1. Clinical Overview
Edaravone is a potent, synthetic, lipophilic free radical scavenger and antioxidant. It is a pyrazolone derivative specifically indicated for the treatment of Amyotrophic Lateral Sclerosis (ALS) and acute ischemic stroke. In the Indian context, its primary approved use is for ALS, where it is believed to slow the decline in physical function by mitigating oxidative stress, a key contributor to motor neuron degeneration. It is administered as a slow intravenous infusion.
| Onset | Duration | Bioavailability |
|---|---|---|
| Pharmacological effects begin during infusion, but clinical benefits in ALS are observed over weeks to months of treatment. | The pharmacological effect is transient, necessitating repeated dosing. The clinical treatment effect in ALS is sustained over the course of the cyclical treatment regimen. | 100% for intravenous administration. |
2. Mechanism of Action
Edaravone exerts its neuroprotective effects by scavenging a variety of free radicals, including hydroxyl radicals, peroxyl radicals, and peroxynitrite. In ALS, oxidative stress is implicated in the pathogenesis of motor neuron injury. By inhibiting lipid peroxidation and reducing oxidative damage to vascular endothelial cells and neuronal cells, edaravone is believed to slow the progression of functional decline.
3. Indications & Uses
- Amyotrophic Lateral Sclerosis (ALS)
4. Dosage & Administration
Adult Dosage: For ALS: 60 mg (i.e., 40 mL of the 1.5 mg/mL solution) administered as a 60-minute intravenous infusion once daily. Treatment is cyclical: Initial cycle: daily for 14 days, followed by a 14-day drug-free period. Subsequent cycles: daily for 10 days out of 14-day periods, followed by 14-day drug-free periods.
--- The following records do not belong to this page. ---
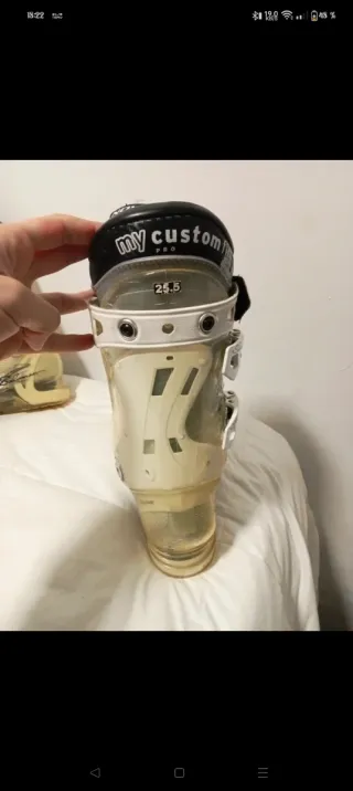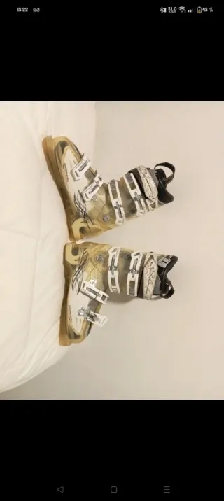 Botas de esquí Atomic para mujer en talla 38. Diseñadas para ofrecer comodidad y rendimiento en la pista. Talla botas esquí 24,5-25 - Cierre con hebillas ajustables. - Diseño en blanco y gris. - Marca: Atomic, valoradas en 325 euros.
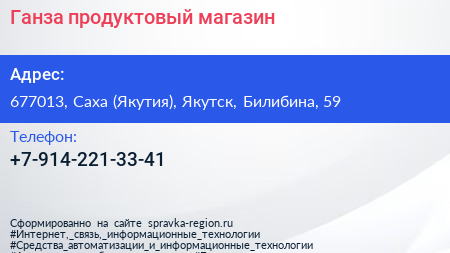 Ганза, продуктовый магазин по адресу 677013, Саха (Якутия), Якутск, Билибина, 59 в дальнейшем Организация, размещена в следующих категориях:
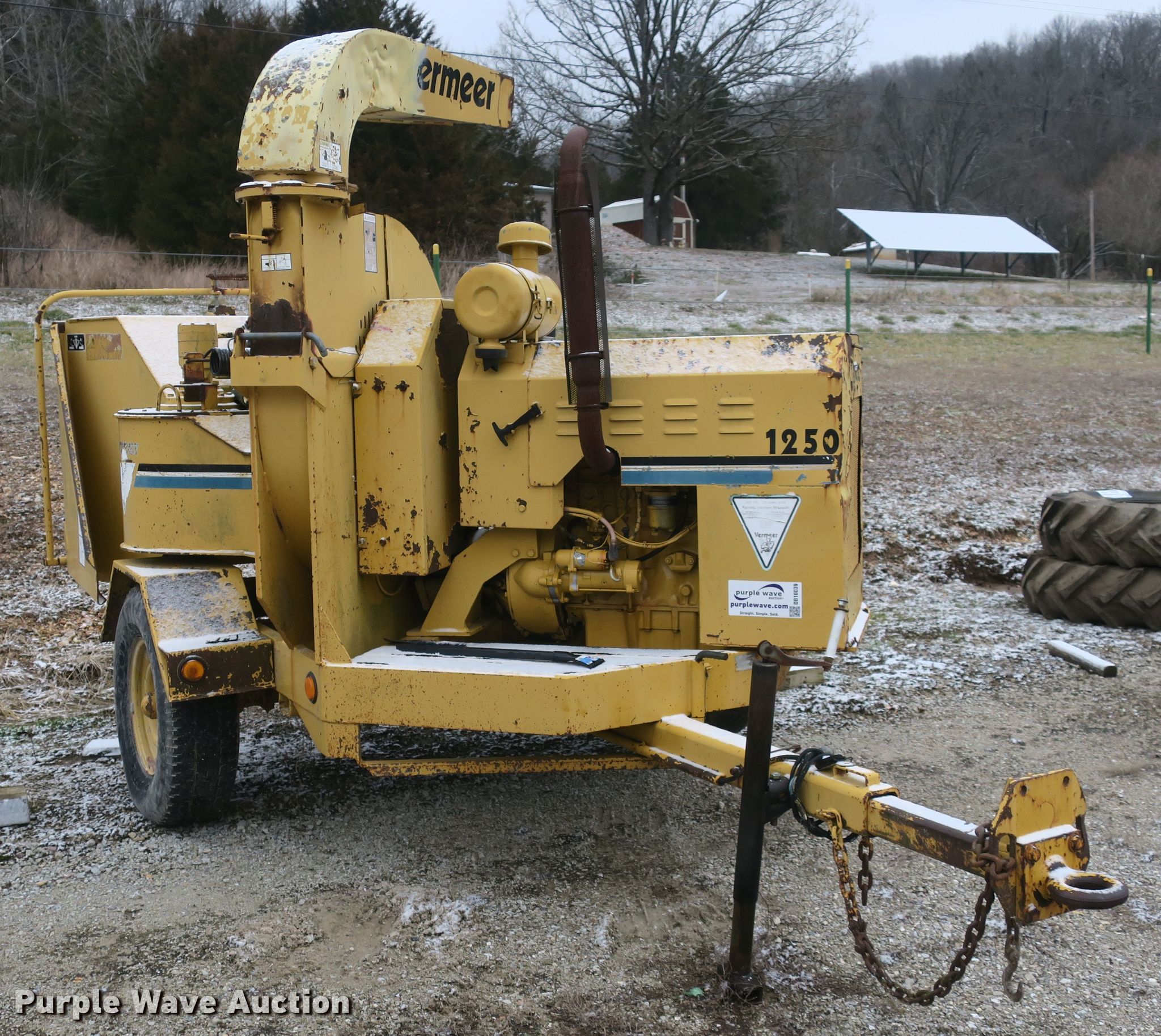 1997 Vermeer BC1250 wood chipper. 1,160 hours on meter, Perkins four cylinder diesel engine, 48"W feed chute, 12" capacity , Electric brakes, LT235/85R16 tires. Transfer of ownership documentation will be a bill of sale. 1VRC14135V1005934. Stone County. 31809 State Hwy 413. Galena, MO 65656
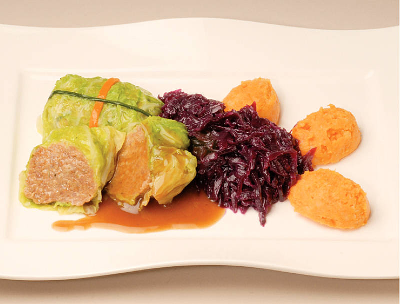 Wirsingwickel mit Lammfüllung, Gemüseklöße und Rotkraut |
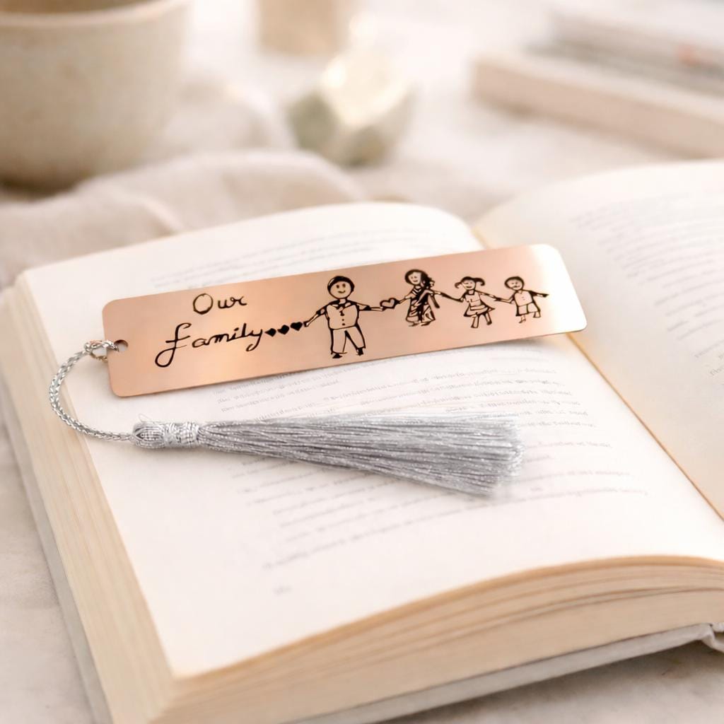 Can be engraved on Gold / Rose Gold / Steel Silver Color Metal Bookmarks. Send us a Jpg / Png File of your Childs / Kids Drawing or Handwriting and we will clean it and engrave it on the Bookmark.
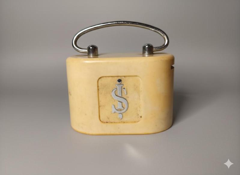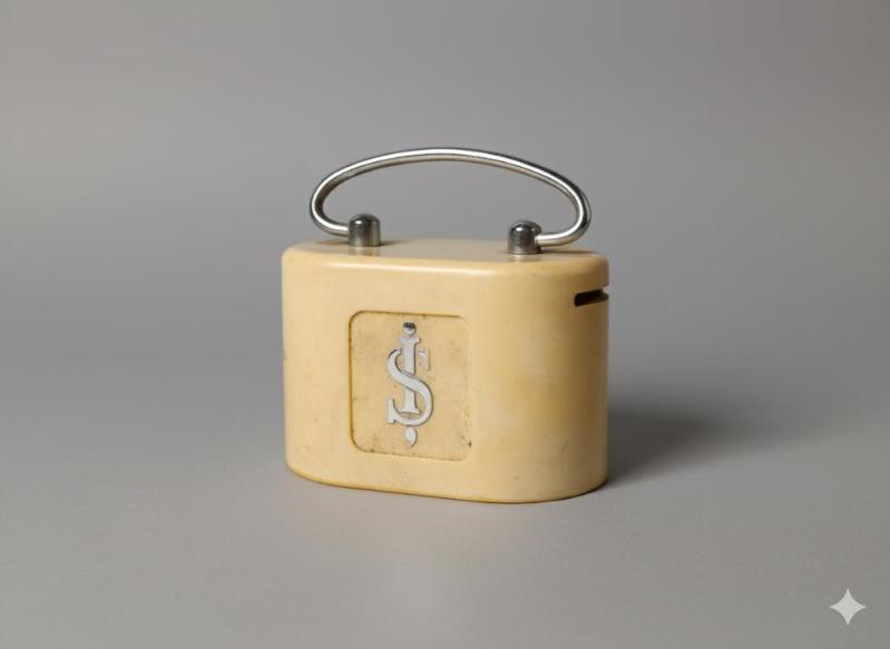 Bu özel parça, Türkiye İş Bankası'nın tasarruf kampanyaları kapsamında üretilmiş, 20. yüzyılın sonlarına doğru yaygınlaşan bir plastik kumbara örneğidir. Canlı krem rengi ve üzerindeki İş Bankası'nın ikonik "İ-Ş" birleşimli logosu, dönemin modern ve işlevsel tasarım anlayışını yansıtır. Metal versiyonlarının aksine, bu plastik kumbaralar daha hafif ve geniş kitlelere ulaşmak için tasarlanmıştır. Bu durum, onları günlük hayatta daha sık kullanılan ve dolayısıyla daha fazla hatıra biriktiren objeler haline getirmiştir. Üzerindeki hafif çizikler ve renk solmaları, bu parçanın bir ailenin veya çocuğun tasarruf yolculuğuna nasıl eşlik ettiğinin sessiz tanıklarıdır. Bu kumbara, hem eski bir reklam objesi hem de Türkiye'nin yakın geçmişinde çocuklara ve gençlere para biriktirme alışkanlığı kazandırmayı amaçlayan bir kültürün simgesidir. Nostaljik bir dekor parçası olarak veya bir İş Bankası koleksiyonunun tamamlayıcısı olarak sergilenebilir. Kurum: Türkiye İş Bankası Dönem: 20. yüzyıl sonları Malzeme: Plastik Durum: Hafif yıpranmış, orijinal haliyle.
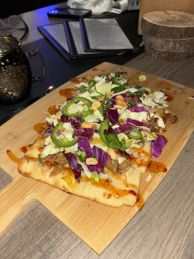 Fabulous atmosphere, a "vintage"bank. The owner retained the beautiful old tile floor and has plans to turn the bank vault into a space for groups (up to six) to have wine tasting experiences. The acoustics are conducive to conversation. My roast beef salad with balsamic glaze was excellent. Note: Flatbreads are not available for lunch. Very timely and attentive service. Overall, a very nice place to catch up with friends. And one friend who had a glass of wine said it was very good, too. I love to support small businesses, especially those owed by women! A gem in a vibrant...
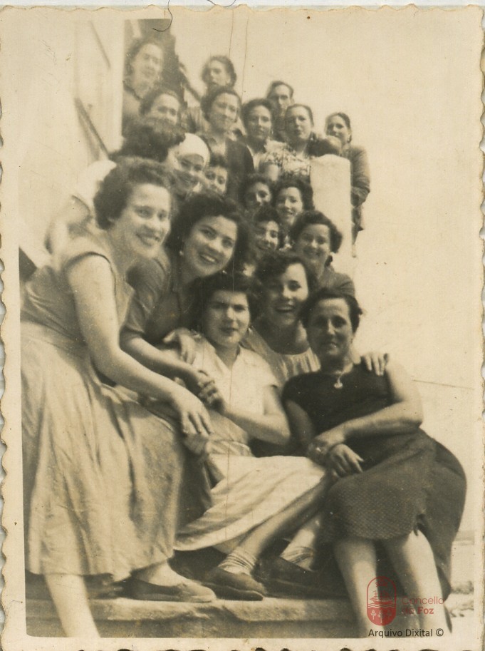 Traballadoras da fábrica Sanjuan entrando a traballar.
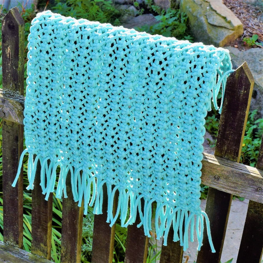 Kobereček v mentolové barvě, vyrobený technikou macramé, v Česku známá jako technika drhání, oblíbená v 70 letech opět stoupá na oblibě.
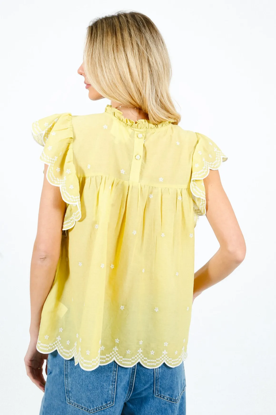 This top is made of a soft, airy cotton voile and features delicate embroidery. The button back opening and cap sleeves add charming details, while the flowing, loose fit creates an effortless and breezy style. The neckline is completed with a small frill, and the hem is embellished with a beautiful border embroidery. Wear this top over other pieces to showcase its stunning design.
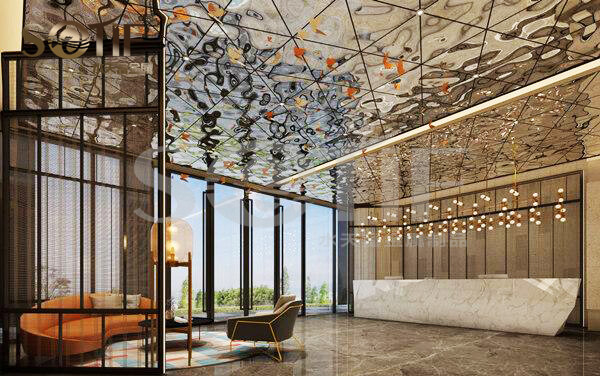 鏡面不銹鋼水波紋板運用于頂面天花,使整個空間變得透明,不同光線或燈光下的深度變化波光粼粼,極大加深了空間美感,又有多種顏色可以選擇,顏色穩定不褪色,外觀上表面光潔,材質高檔,并在景觀、商場、酒店、會所、售樓部等場所被廣泛使用。
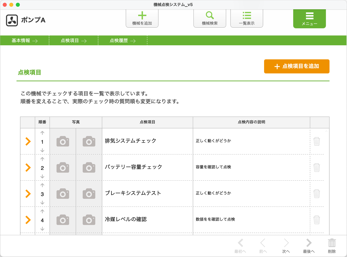 機械の登録から点検箇所の設定、実施まで一元管理できる点検管理システムです。
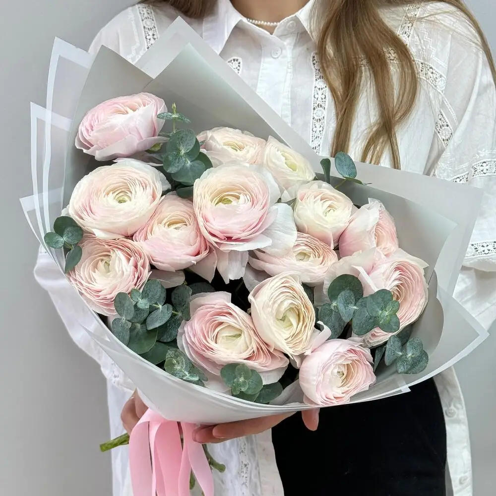 Композиция из ранункулюсов с эвкалиптом — купить по цене от 6150 руб. с доставкой в Дзержинске
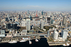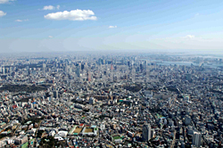 | 多摩川上空からの都心の空撮です。遠くにレインボウブリッジなどが見えます。 |
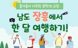 장흥군 클릭뉴스2025. 03.28[클릭뉴스]장흥군이 3월 26일 부터 4월 11일까지 ‘장흥에서 한 달 여행하기’참가자를 모집한다고 밝혔다. ‘장흥에서 한 달 여행하기’사업은 장기 체류 여행자에게 여행경비를 지원하고 여행자는 개인 SNS 등을 통해 장흥 여행을 홍보하는 사업이다. 공고일 기준 광주·전남 외 주소지를 둔 관광객 중 장흥 여행을 희망하는 누구나 신청 가능하다. 참가자는 최소 7일에서 최대 30일 동안 전남 22개시군을 여행하면서 여행후기 작성, 만족도 조사 등 여행과제를 수행해야 한다. 여행을 하며 모든 과제 수행시 숙박비 5만원, 식비 4만원…
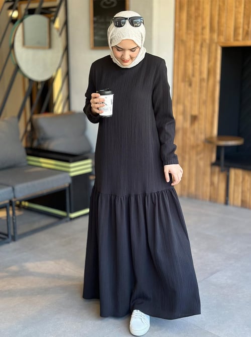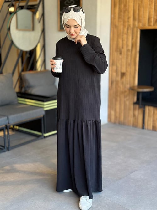 СARA С ЧЕРНЫМ СБОРНЫМ ПЛАТЬЕМ, РАЗМЕР 1(36/38/40), БУРЮМЧУКОВАЯ ТКАНЬ, ИДЕАЛЬНАЯ ДЛЯ ЛЕТНЕНИХ ДНЕЙ
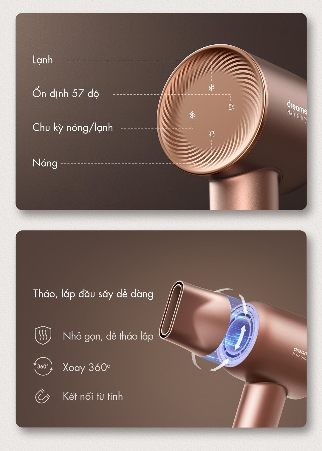 2 tốc độ, 4 chế độ sấy Chipset điều khiển nguồn điện để chống quá nhiệt, chống bỏng Làm khô tóc siêu nhanh, chỉ trong 2-3 phút Thiết kế sang trọng, kích thước gọn và trọng lượng nhẹ Thiết kế siêu gọn-nhẹ Định hướng là một sản phẩm chuyên phục vụ nhu cầu sấy và tạo kiểu cho cá nhân, Dreame tập trung phát triển mấy sấy tóc Dreame Glory với kích thước siêu gọn và trọng lượng nhẹ chỉ 345 gram. Không chỉ sở hữu thiết kế gọn gàng và trọng lượng nhẹ, Dreame Glory Standard còn được thiết kế để giúp người dùng cầm lâu sử dụng mà không bị mỏi tay hay khó chịu.  Sản phẩm ra mắt với 2 màu là Rose Gold và Cloud White đi kèm một phụ kiện tạo kiểu rời, được thiết kế để kết nối với thân máy bằng nam châm.   Các công nghệ trên Máy sấy tóc Dreame Nhằm mang đến một trải nghiệm sử dụng hoàn toàn mới cho khách hàng Việt Nam, Dreame Glory Hair Dryer được trang bị loạt công nghệ tiên tiến nhằm đảm bảo khả năng làm khô nhanh chóng cho tóc, vừa tránh để tóc bị cuốn vào trong, vừa an toàn về mặt điện năng. Ngoài ra, việc trang bị một chipset điều khiển nhiệt độ để tránh quá nhiệt, không gây bỏng da đầu và an toàn điện năng, chống giật. Phụ kiện sấy tóc kết nối với thân máy qua kết nối nam châm Chipset điều khiển nguồn điện để chống quá nhiệt, chống bỏng, duy trì nhiệt độ ổn định Làm khô tóc chỉ trong 2-3 phút (tóc nữ ngang vai)   4 mức nhiệt, 2 tốc độ thổi Dreame cho biết, để đám ứng nhu cầu sử dụng đa dạng của mỗi người dùng, hãng trang bị cho Máy sấy tóc Dreame Glory 4 cấp độ nhiệt đi kèm với 2 tốc độ thổi. Kết hợp với nhau, người dùng có tổng cộng 8 cách sử dụng khác nhau. Ngoải ra, người dùng còn có thể kết hợp với phụ kiện để chăm sóc tóc óc mượt và suôn mềm hơn. Dreame áp dụng kỹ thuật giảm tiếng ồn hiệu quả vốn đã có trên các sản phẩm Máy hút bụi của hãng, để giảm độ ồn và tạo sự thoải mái tối đa cho khách hàng.   Thông số kỹ thuật Tên sản phẩm: Máy sấy tóc Dreame Glory Nguồn điện: 220V~50Hz Công suất: 1600 Watt Kích thước sản phẩm: 72 x 82 x 255 mm Tốc độ động cơ: 110,000 vòng/phút Tốc độ thổi: 70m/giây Trọng lượng: 345 gram Chế độ nhiệt: 4 Chế độ gió: 2
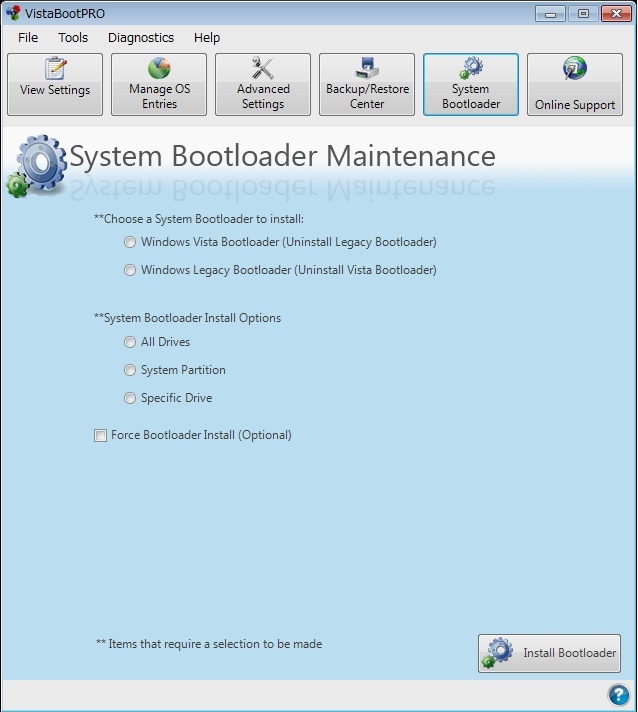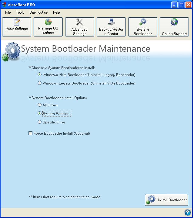2) VistaBootPROを起動し、「Syatem Bootloader」ボタンをクリックします。
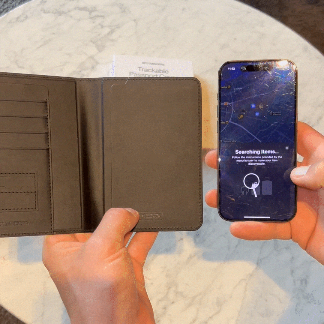Verfolgen Sie Ihren Reisepass in Echtzeit mit dem Apple Find My®-kompatiblen Passport Tracker von Spotminders

Administration: Must be diluted before infusion. Withdraw 40 mL (60 mg) of edaravone injection (1.5 mg/mL) and add to 100 mL of 0.9% Sodium Chloride Injection, USP. Administer via controlled intravenous infusion pump over 60 minutes. Do not mix with other medications. Inspect for particulate matter and discoloration before use. Use immediately after preparation.
5. Side Effects
Common side effects may include:
- Contusion
- Gait disturbance
- Headache
- Dermatitis
- Eczema
- Fatigue
- Increased blood creatine phosphokinase (CPK)
6. Drug Interactions
| Drug | Effect | Severity |
|---|---|---|
| Sulfonamides (e.g., Cotrimoxazole) | Increased risk of hypersensitivity reactions due to shared sulfite/sulfa moiety. Potential for cross-reactivity. | Major |
| Other drugs containing sulfites (e.g., some epinephrine, dopamine injections) | Increased risk of sulfite-induced allergic reactions. | Moderate |
| Strong UGT inducers (e.g., Rifampicin, Carbamazepine, Phenytoin) | May increase the metabolism of edaravone, potentially reducing its efficacy. | Moderate |
| Nephrotoxic drugs (e.g., Aminoglycosides, NSAIDs, Vancomycin) | Additive risk of renal impairment. | Moderate |
| Hepatotoxic drugs (e.g., Paracetamol high dose, Statins, Azole antifungals) | Additive risk of hepatic injury. | Moderate |
7. Patient Counselling
- Do inform all healthcare providers about all medications you are taking.
- Do report any history of asthma, allergies, or kidney/liver problems before starting treatment.
- Do keep all scheduled infusion appointments for the cyclical therapy to be effective.
- Don't stop or change the treatment schedule without consulting your neurologist.
- Don't receive the infusion if the solution is discolored or contains particles.
8. Toxicology & Storage
Overdose: Limited data. Symptoms may be an extension of pharmacological effects and could include severe hypersensitivity reactions, acute renal failure, hepatic injury, and CNS effects like severe headache or dizziness.
Storage: Store the vials in their original carton at a temperature not exceeding 30°C. Protect from light. Do not freeze. After dilution in 0.9% Sodium Chloride, use immediately. Discard any unused portion. Keep out of reach of children.